In any case, arrogance breeds downfall, soon enough. Most of the Microserfs I met were not terribly arrogant, not moreso than your average techie at least. Though Google loving seems to be the order of the day, I'm not such a fan. A company valued at 100x earnings that thinks it vomits sunshine, well, granny's pension fund is going to lose some money.
If there's a more striking ancodote than this about the difference between a competent engineer's view of the world and Microsoft's, I've yet to read it.
It's all here. Mr AC, obvously a thoughtful and experienced engineer, thinks about good design from the ground up, making sure the subsystems are modular and robust and that the entire device is practical.
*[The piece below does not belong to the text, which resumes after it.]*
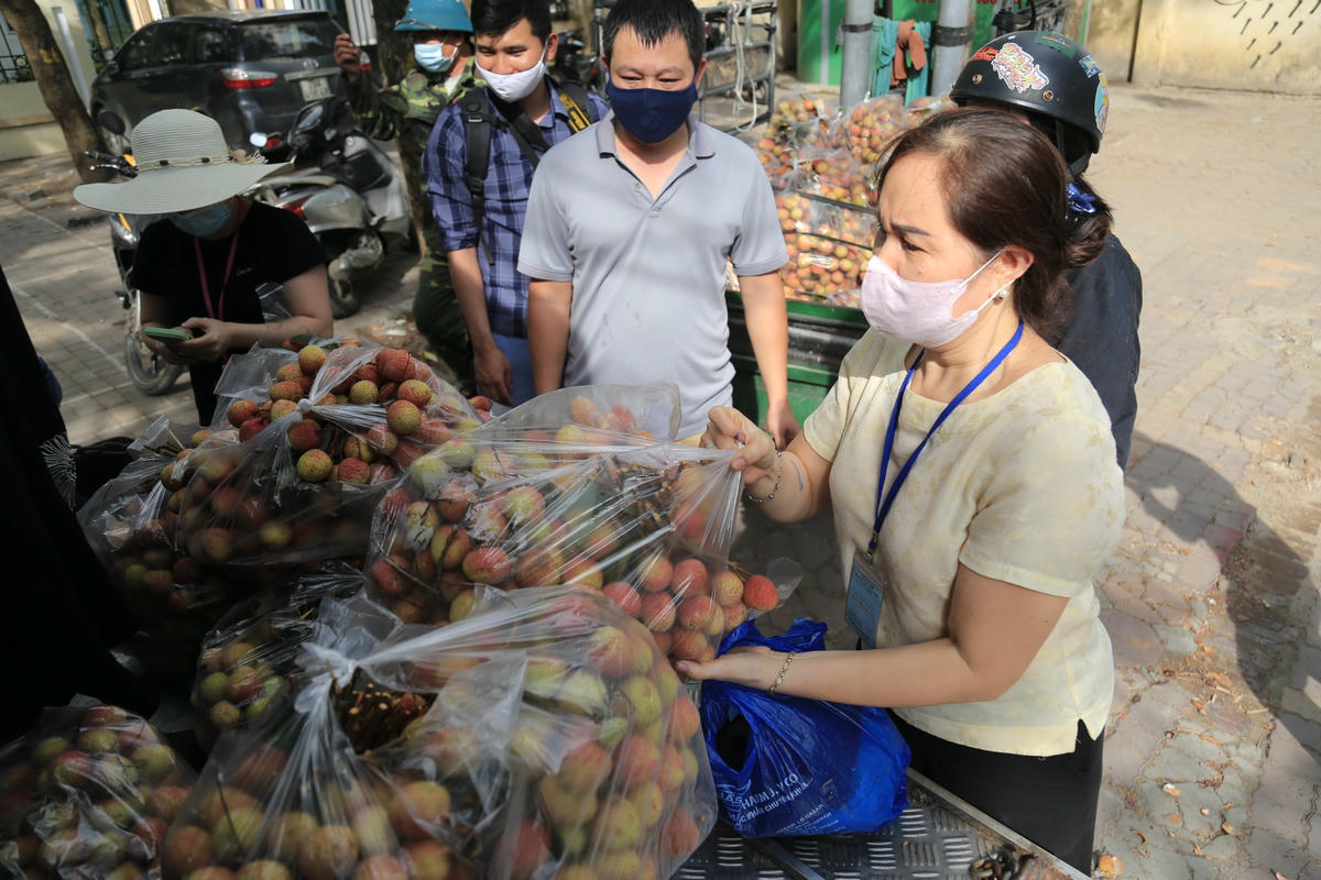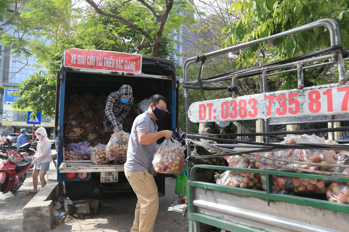 Các điểm giải cứu vải thiều Bắc Giang trên đường phố Hà Nội thu hút nhiều người tiêu dùng Thủ đô.Chị Nghiêm Thị Thanh Thủy (41 tuổi, quê ở Bắc Giang), trưởng nhóm thiện nguyện, cho biết do tình hình dịch ở Bắc Giang diễn biến phức tạp nên đã tổ chức hoạt động này góp phần giúp nông dân tiêu thụ nông sản.Các điểm giải cứu vải thiều được chị Thủy tổ chức tại nhiều địa điểm (85 Vũ Trọng Phụng, số 10 Nguyễn Trãi, 75 Đại Cồ Việt…).Rất đông khách hàng đến ủng hộ.Việc thu mua, vận chuyển được thực hiện theo đúng quy định phòng chống dịch. Xe được phun khử khuẩn để bảo đảm sức khỏe người tiêu dùng và phòng chống Covid-19.Chị Thủy cho biết vải được vận chuyển từ huyện Tân Yên, tỉnh Bắc Giang, đạt tiêu chuẩn VietGAP và thường được xuất khẩu sang thị trường Trung Quốc.Giá vải thiều tại đây là 20.000 đồng/kg. Vì lượng người mua đông, nhóm quyết định đóng vải thiều vào các bao nylon, mỗi bao 10 kg, giá 200.000 đồng.Nhiều người mua với số lượng rất lớn.Vải ngon và mọng nước, rất phù hợp cho những ngày nắng nóng.Bên cạnh việc bán trực tiếp tại các điểm giải cứu, nhóm cũng nhận vận chuyển hàng tận nơi nếu có khách yêu cầu.

The Microsoft interviewer doesn't give a toss about whether it's stable or not - just whether it has connectivity enough to sync with Outlook.
I am Jack's complete lack of surprise.
--- Hot Shot City is particularly good.
Were you interviewing for a developer or a program manager (PM) position? If you were getting interviewed for a PM, then your answer was inappropriate for that position. PMs are supposed to design features on an item and how to intergrate it with other things to "add value". If you were interviewing for a developer position then I think the answer you gave was spot on. In that case you had a shoddy interviewer who should not have been on the developer interview loop.
This is a tricky question, and I think both the candidate and you missed the key. The key is design. You have to elicit the requirements from the interviewer and design around them.
Talking about WIFI at the end is just a way of saying, "you forgot to ask me what I want."
This question tests whether you realize that design must be responsive to requirements. Most geeks don't.